> What you need to do
Copy verbatim the block of lines in the entries below whose first line contains "Ciesz się zabawą" and whose last line contains "北スポーツセンターで、北区P". Leave out all other lines.

> Input
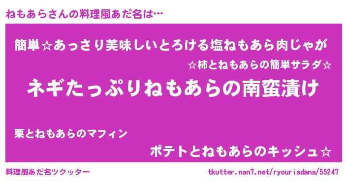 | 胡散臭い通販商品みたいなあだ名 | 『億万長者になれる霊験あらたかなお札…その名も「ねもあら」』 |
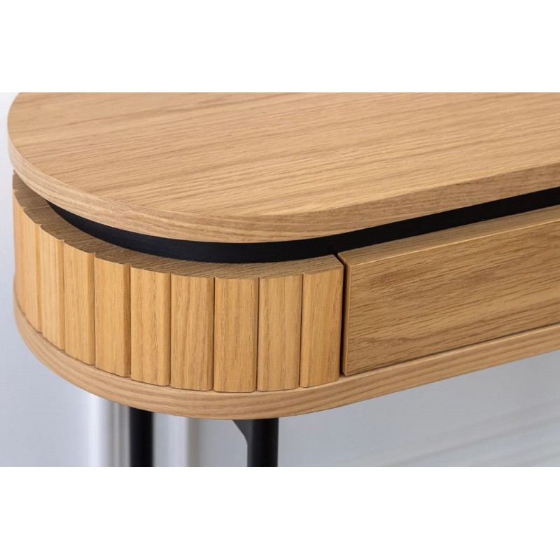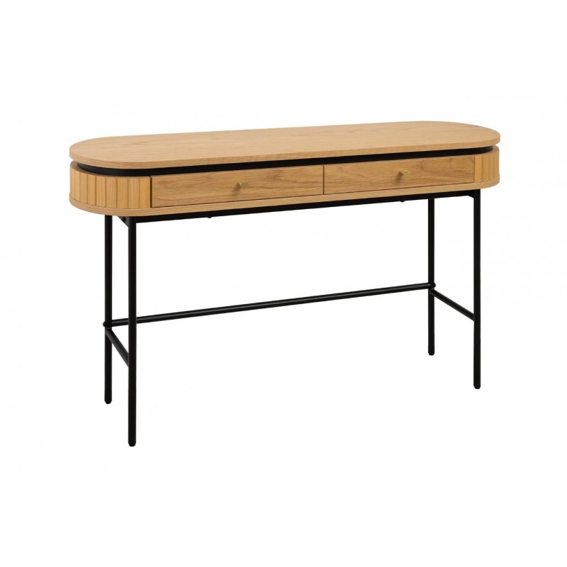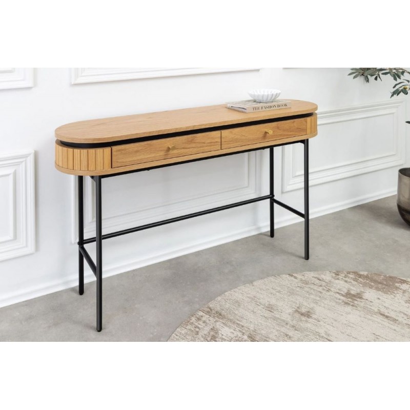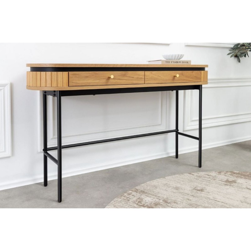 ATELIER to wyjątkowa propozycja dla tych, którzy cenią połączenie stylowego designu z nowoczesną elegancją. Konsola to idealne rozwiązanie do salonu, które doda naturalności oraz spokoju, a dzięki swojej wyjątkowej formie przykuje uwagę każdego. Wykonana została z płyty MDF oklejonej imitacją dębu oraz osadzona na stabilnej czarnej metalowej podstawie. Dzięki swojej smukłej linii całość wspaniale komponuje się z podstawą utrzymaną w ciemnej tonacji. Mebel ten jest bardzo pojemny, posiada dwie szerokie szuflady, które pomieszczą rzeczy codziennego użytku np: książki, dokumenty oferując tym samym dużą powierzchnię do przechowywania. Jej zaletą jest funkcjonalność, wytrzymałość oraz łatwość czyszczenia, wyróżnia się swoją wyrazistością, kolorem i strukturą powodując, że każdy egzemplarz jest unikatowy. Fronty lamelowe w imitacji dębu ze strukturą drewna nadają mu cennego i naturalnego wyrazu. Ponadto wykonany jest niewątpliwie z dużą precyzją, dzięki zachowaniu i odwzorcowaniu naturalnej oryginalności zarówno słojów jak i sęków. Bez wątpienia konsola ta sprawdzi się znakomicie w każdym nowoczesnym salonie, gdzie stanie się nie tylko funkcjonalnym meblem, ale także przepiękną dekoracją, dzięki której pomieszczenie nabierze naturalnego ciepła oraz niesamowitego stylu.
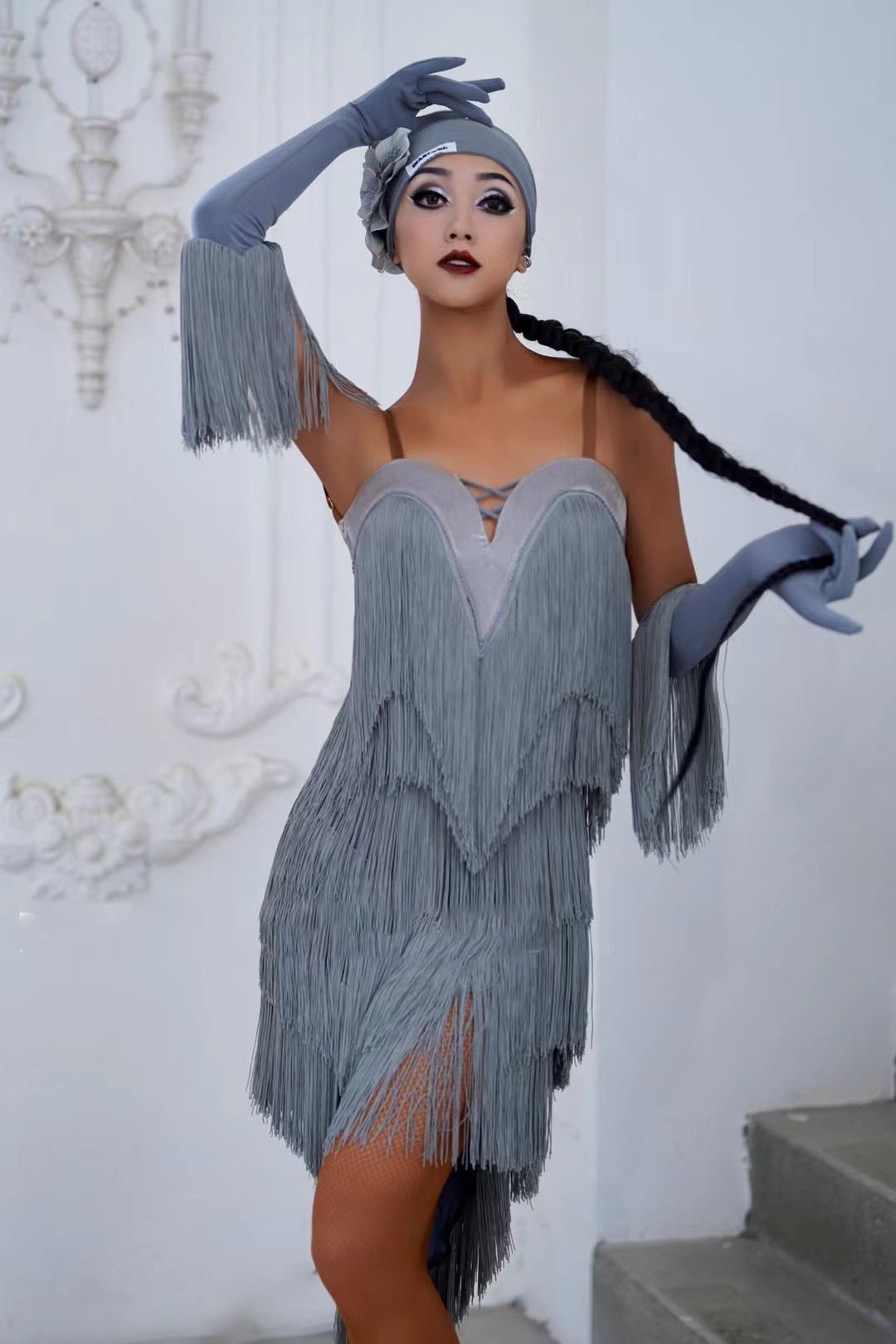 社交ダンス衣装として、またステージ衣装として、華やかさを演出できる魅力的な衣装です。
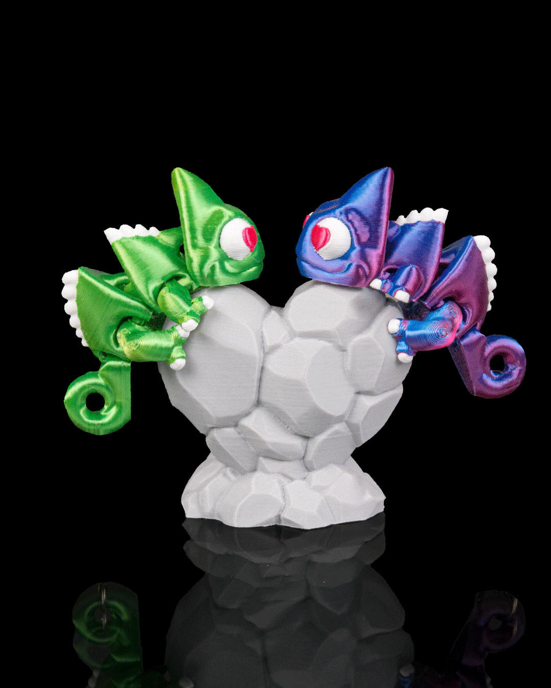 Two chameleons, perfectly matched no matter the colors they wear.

* * *

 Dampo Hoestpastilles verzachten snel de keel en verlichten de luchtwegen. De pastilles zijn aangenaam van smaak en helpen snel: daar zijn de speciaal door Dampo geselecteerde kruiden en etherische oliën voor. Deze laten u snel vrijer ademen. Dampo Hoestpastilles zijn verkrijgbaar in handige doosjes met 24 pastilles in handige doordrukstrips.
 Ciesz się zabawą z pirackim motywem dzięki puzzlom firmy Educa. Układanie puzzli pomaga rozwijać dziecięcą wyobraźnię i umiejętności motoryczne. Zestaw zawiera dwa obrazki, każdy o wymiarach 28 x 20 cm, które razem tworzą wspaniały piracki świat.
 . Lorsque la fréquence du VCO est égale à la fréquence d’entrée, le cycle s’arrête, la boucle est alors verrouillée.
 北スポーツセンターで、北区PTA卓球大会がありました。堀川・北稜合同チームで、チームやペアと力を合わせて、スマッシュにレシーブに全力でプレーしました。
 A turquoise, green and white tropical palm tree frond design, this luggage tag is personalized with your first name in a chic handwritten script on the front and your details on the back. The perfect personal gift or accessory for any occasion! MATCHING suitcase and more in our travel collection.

...

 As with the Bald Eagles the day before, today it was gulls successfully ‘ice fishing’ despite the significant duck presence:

> Solution for this problem
 Ciesz się zabawą z pirackim motywem dzięki puzzlom firmy Educa. Układanie puzzli pomaga rozwijać dziecięcą wyobraźnię i umiejętności motoryczne. Zestaw zawiera dwa obrazki, każdy o wymiarach 28 x 20 cm, które razem tworzą wspaniały piracki świat.
 . Lorsque la fréquence du VCO est égale à la fréquence d’entrée, le cycle s’arrête, la boucle est alors verrouillée.
 北スポーツセンターで、北区PTA卓球大会がありました。堀川・北稜合同チームで、チームやペアと力を合わせて、スマッシュにレシーブに全力でプレーしました。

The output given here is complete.